As nutricionistas da Unidade Técnica do Conselho Federal de Nutricionistas (CFN), Carolina Chagas (coordenadora) e Luíza Torquato, participam hoje e amanhã da Oficina de Medidas Fiscais para a Prevenção às Doenças Crônicas Não Transmissíveis (DCTN) e Tributação de Bebidas Adoçadas Não Alcóolicas Ultraprocessadas, promovida pela Organização Pan-Americana da Saúde (OPAS), em Brasília. Um dos objetivos do evento é compartilhar e nivelar conhecimentos dos participantes sobre os temas relativos à tributação de bebidas adoçadas não alcóolicas ultraprocessadas, bem como dar respostas ou apontar direções para questões essenciais no desenho da política fiscal para reduzir o consumo desses produtos.

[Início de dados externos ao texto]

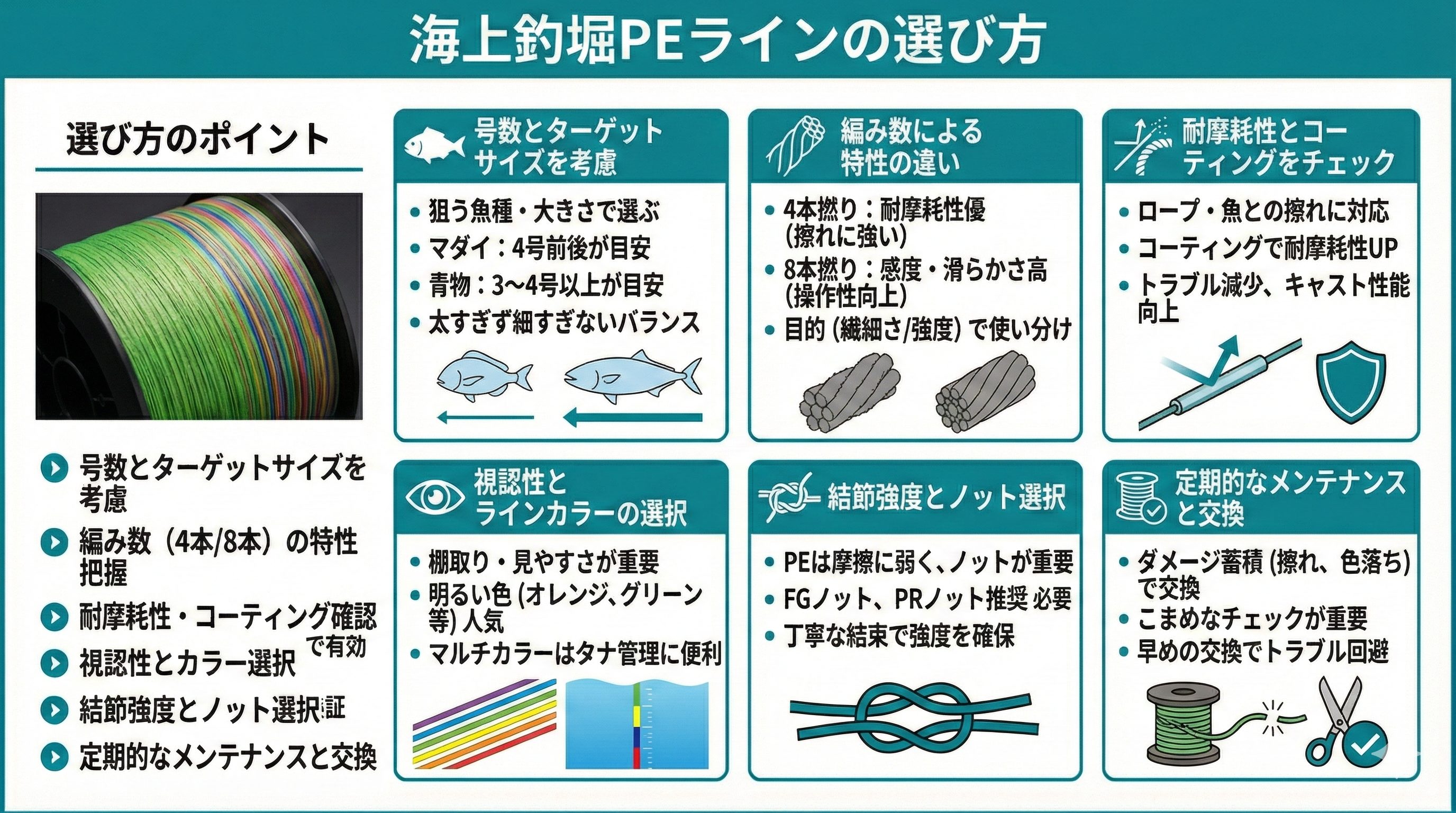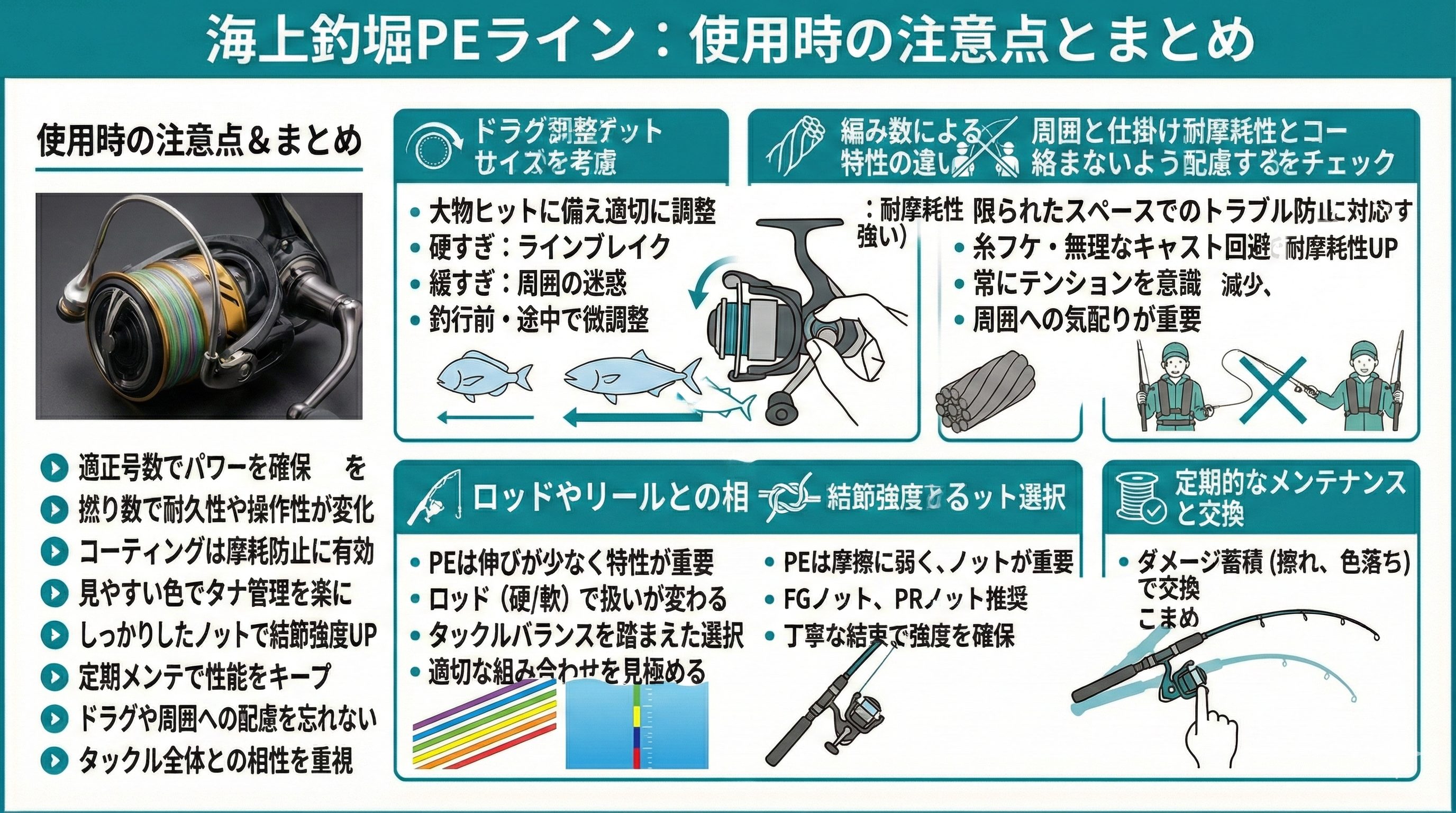 海上釣堀でのPEラインは、ターゲットのサイズや釣り方に合わせた選択とこまめなメンテナンスが大切です。ぜひライン選びを見直して、快適に釣果を伸ばしてください。

O CFN defende a taxação das bebidas açucaradas como um dos fatores para inibir o consumo de tais bebidas que contribui para o aumento das DCNT e do excesso de peso. Dados da Pesquisa de Vigilância de Fatores de Risco e Proteção de Doenças Crônicas por Inquérito Telefônico (Vigitel/Ministério da Saúde) de 2017, apontam que 16,6% dos adultos tomam refrigerantes ou suco artificial (bebida açucarada) 5X ou mais por semana.

O mesmo levantamento constatou que a obesidade atinge 18,9% dos brasileiros e o excesso de peso de mais da metade da população (54%). Entre os jovens, a obesidade aumentou 110% entre 2007 e 2017.